Part of final research at Keio Graduate School of Media Design



Growing up, we experience different things based on our cultural background, spoken language, and environment. This phenomenon leads to different behaviors, perspectives, and responses toward things including how we perceive color and emotion. We react emotionally as well as cognitively to visual imagery which influences how we use the information presented to us and how we are affected by its presence in our visual environment.

Both emotion and color have led this research to be built based on the realm of color psychology and whether it has evolved over time. This research aims to introduce a tool to understand human emotions through color, discerning the influence of diverse cultural backgrounds in shaping individual perception. As the fundamentals of the concept design, two theories were combined. First, the color and visual theory by artist Josef Albers and second, the basic human emotion theory by psychologist Paul Ekman.

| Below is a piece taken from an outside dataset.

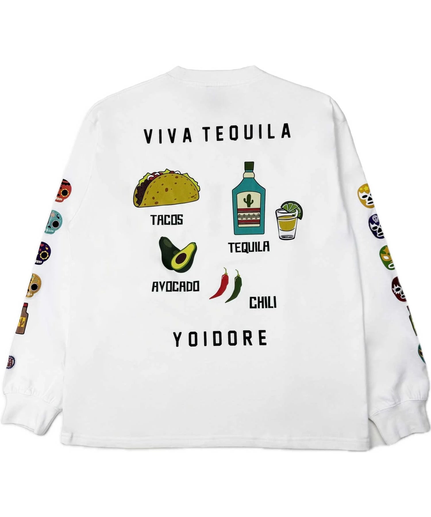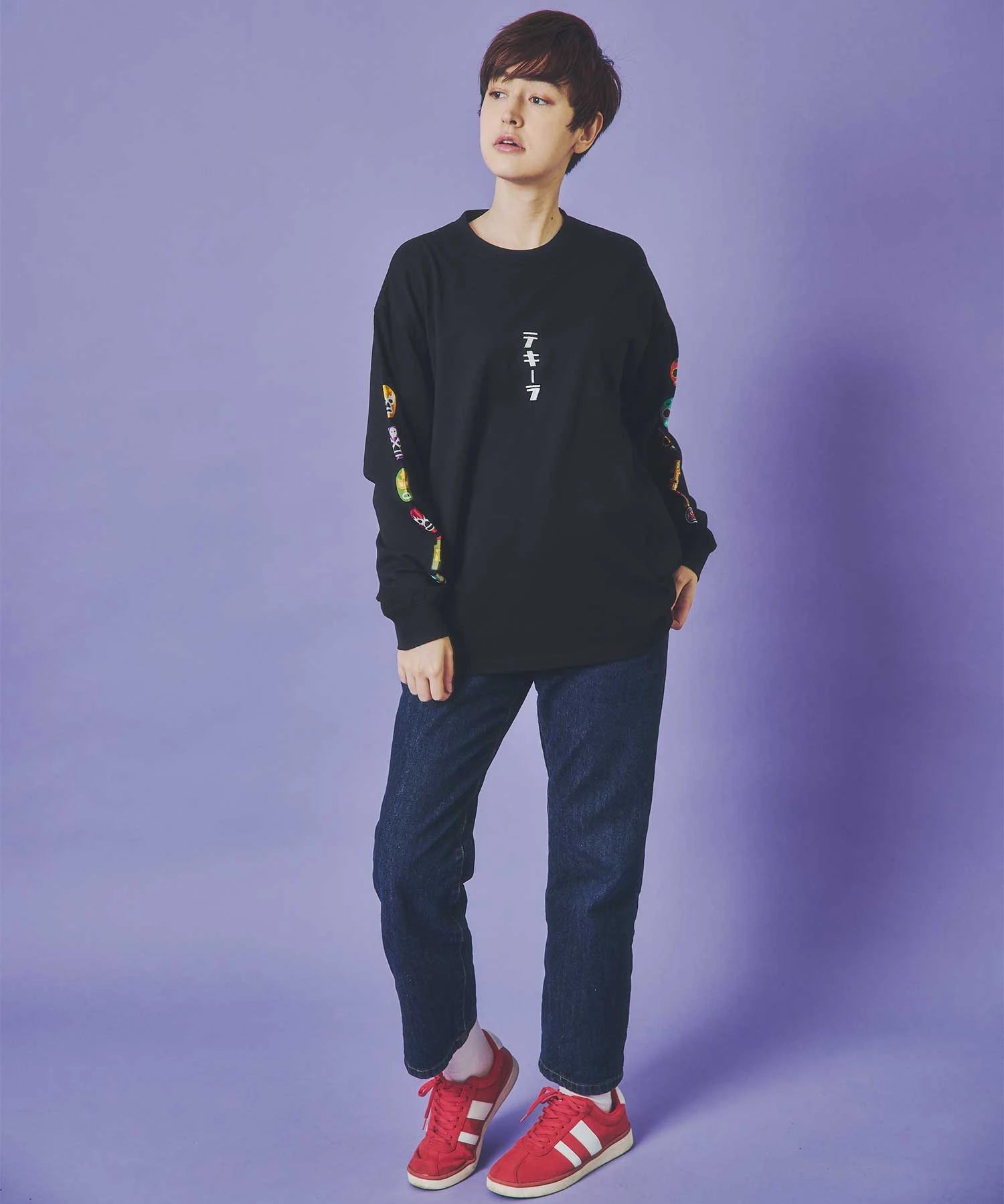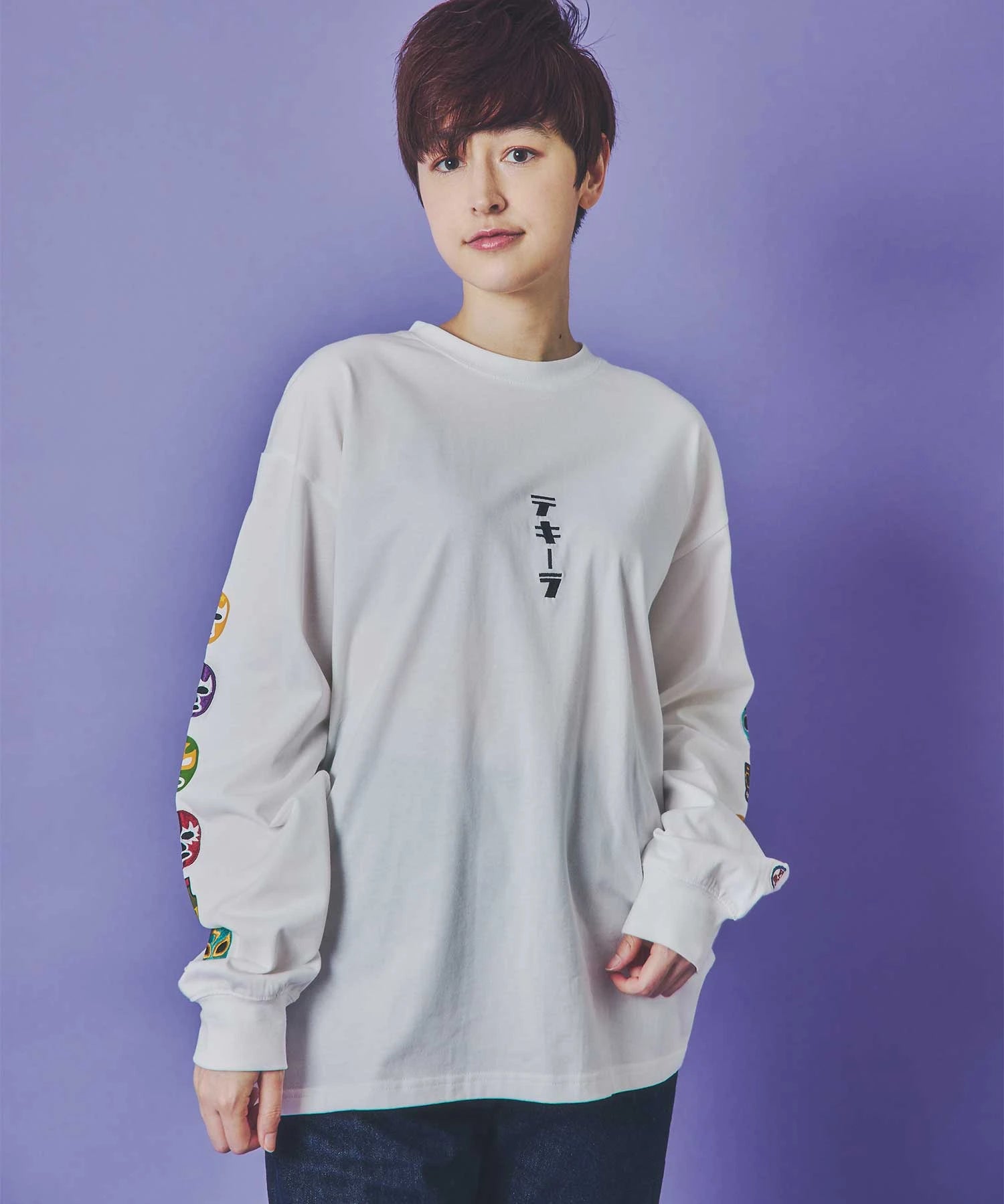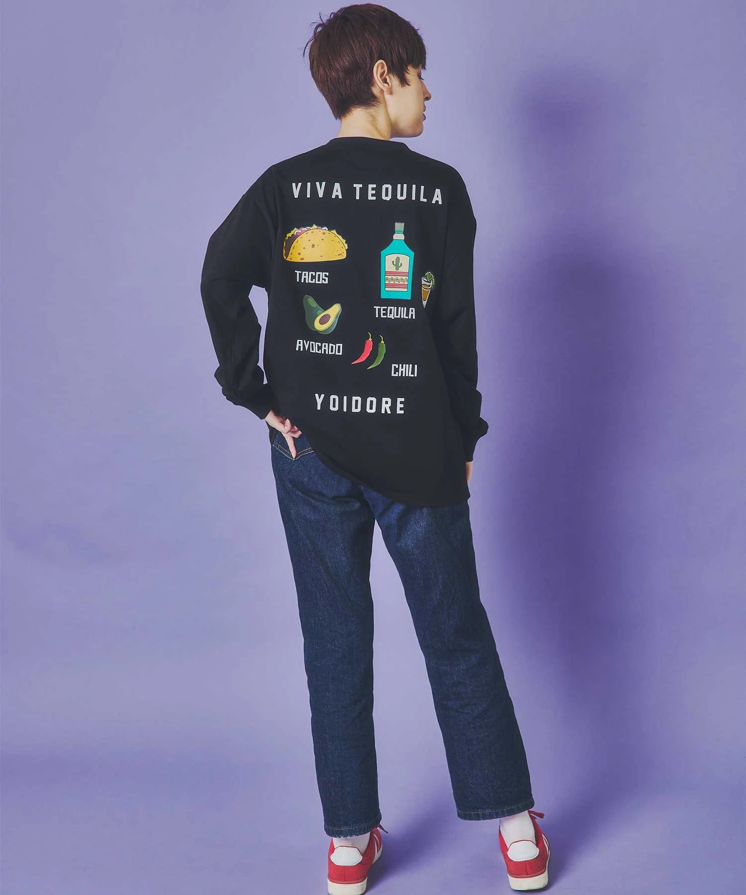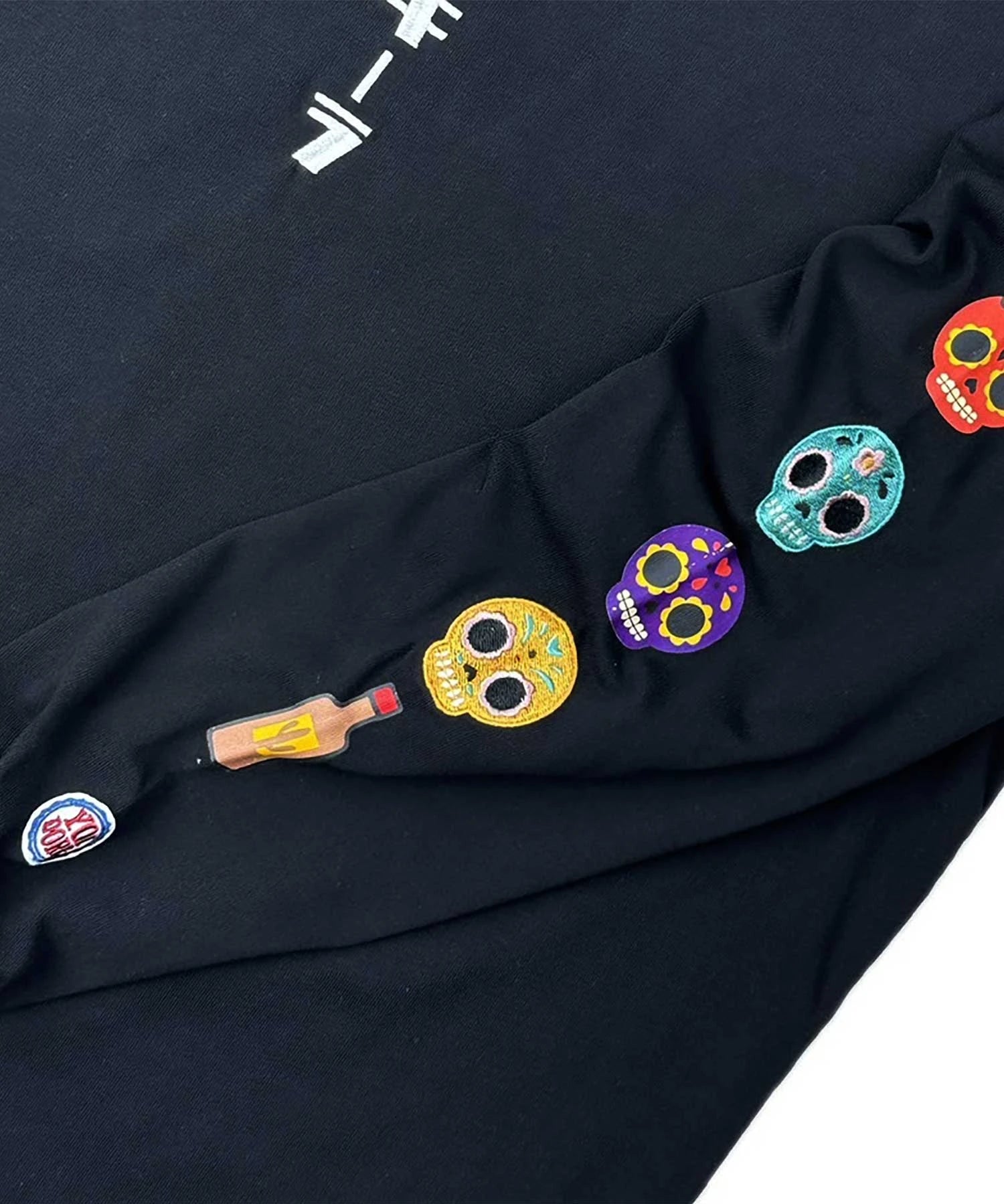 大好評のテキーラシリーズがロンTになって新登場!フロントは縦カタカナロゴでシンプルかつストレートにテキーラを表現!バックはテキーラと合わせて食べたいメキシカンフードたち。両袖にはシュガースカルとルチャリブレのマスクを刺繍ミックスであしらったポップで存在感抜群のロンTです。テキーラの母国にもリスペクトを捧げる、テキーラファンの必須アイテム!ややゆったりめのルーズなシルエットは適度なリラックス感があり、ラフな呑みシーンでのコーディネートに取り入れたいマストなアイテムです。ユニセックスで着用可能。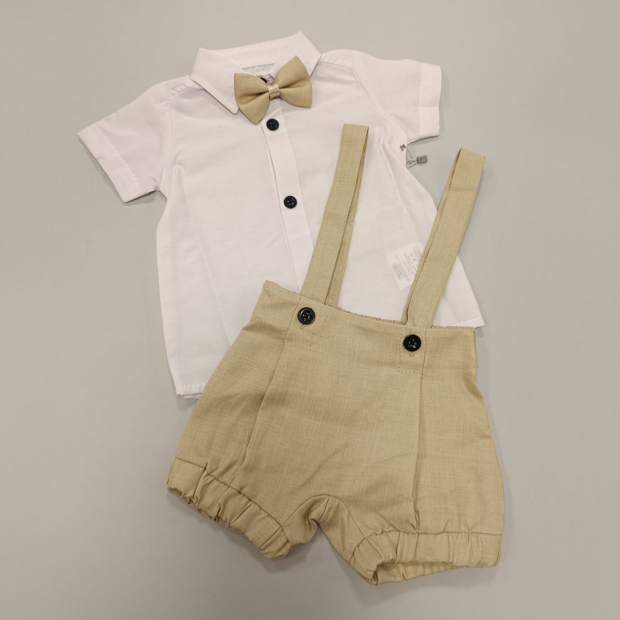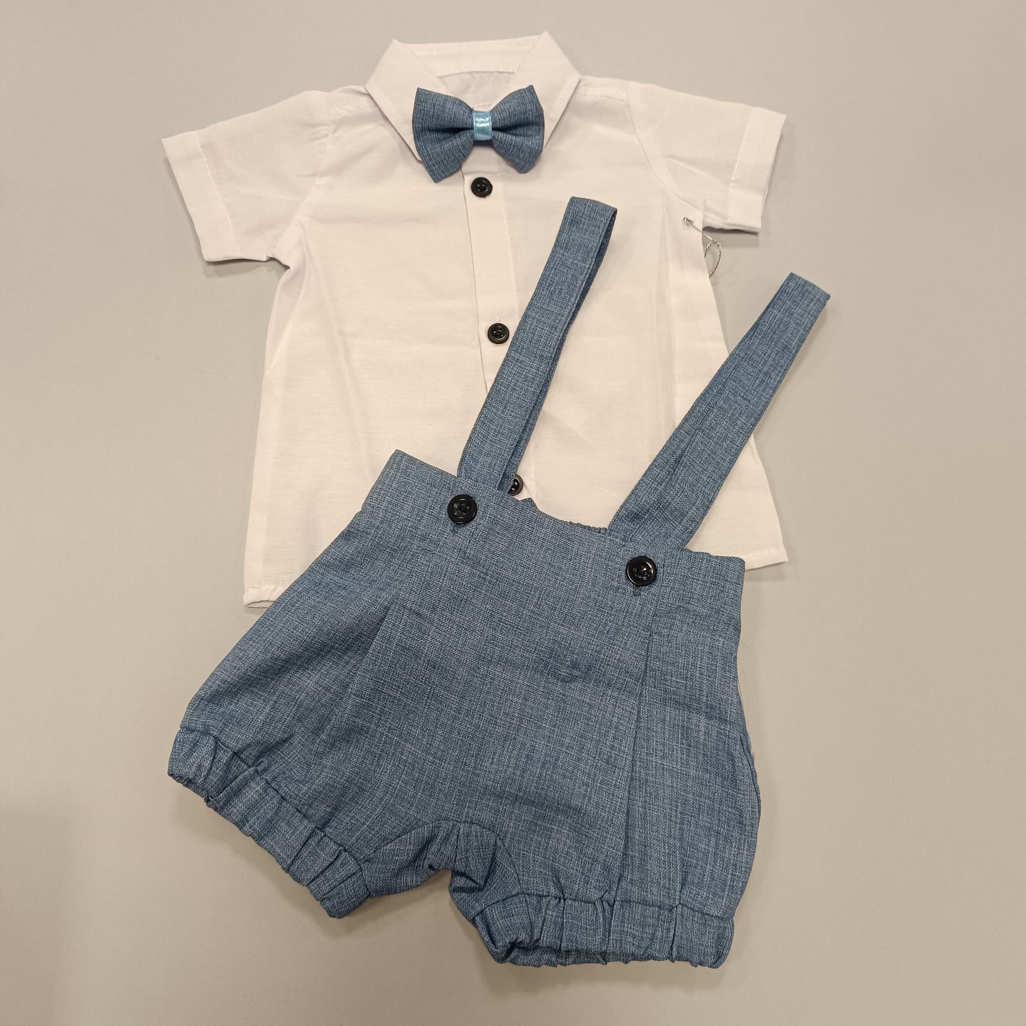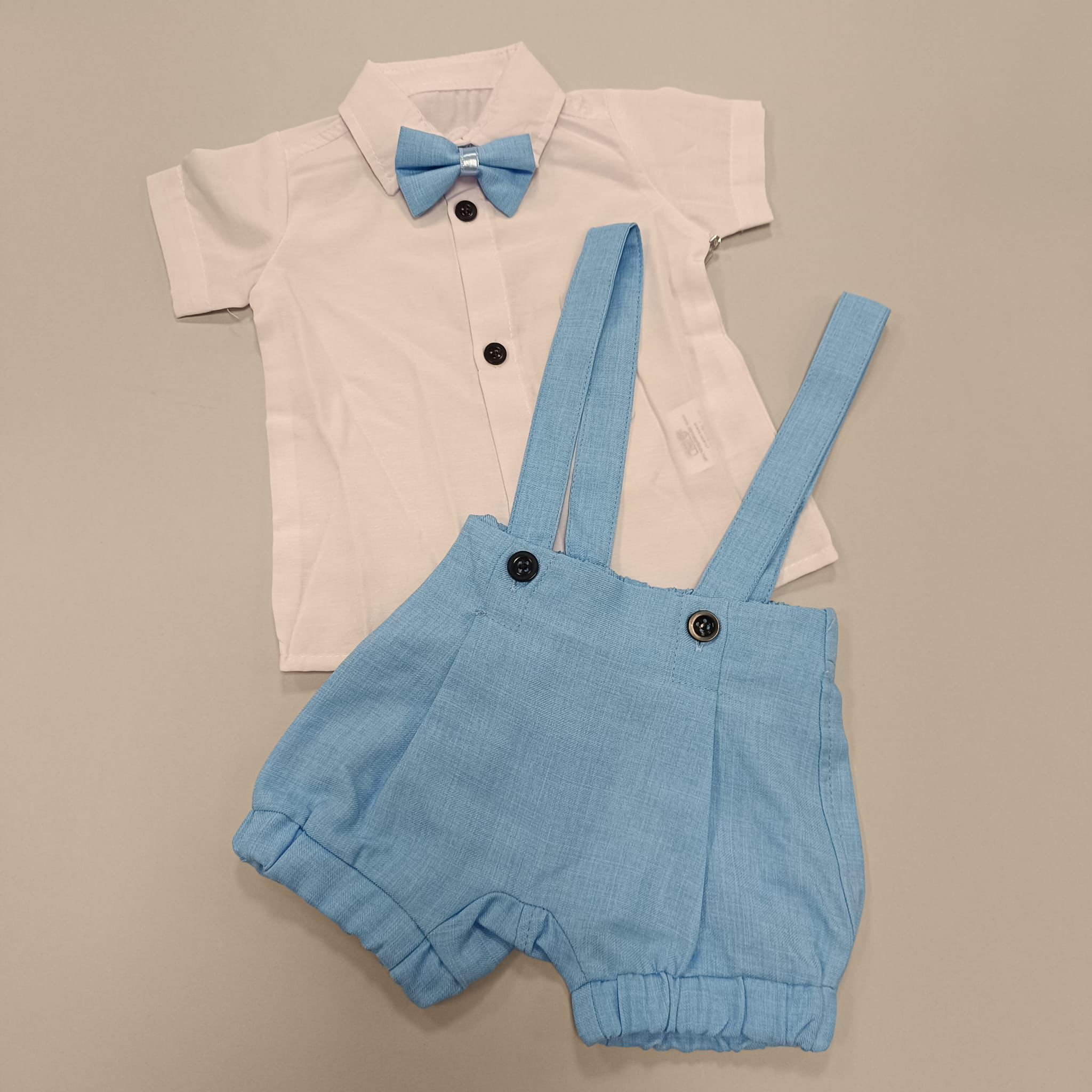 Svečano odijelo za dječake sadrži hlače, košuljicu, tregere i leptir mašnu.

The combination of both theories created the concept design as a tool to introduce an alternative approach to understanding basic human emotion by employing a personalized color visualization. The concept design features a template of squares with six layers for each emotion that will be represented with colors chosen by the individual.  The six emotions have to be put in order from the most dominating emotion being on the bigger square to the least dominating emotion on the smallest square.


The concept design was implemented in a public event in Tokyo with 55 participants from different nationalities and backgrounds. The result created a beautifully diverse output. All are created based on the individual’s perception of their own emotion, translated into color. While some of them might look similar, none of them is exactly the same.

This research shows how color can’t be treated as a one singular universal language. While the current existing color psychology are defining individual perception based on language and culture, this research made contribution to the work where it shows that individual perception of color also very much influenced by how one is preceiving themselves, taking color as part of their individual identity.



Looking into further possibilities for the design leads to the idea of having the concept in a broader approach. It is to have the Color Persona as a medium to not only discover emotion for a one-time experiment but also to have it as a digital emotion journal.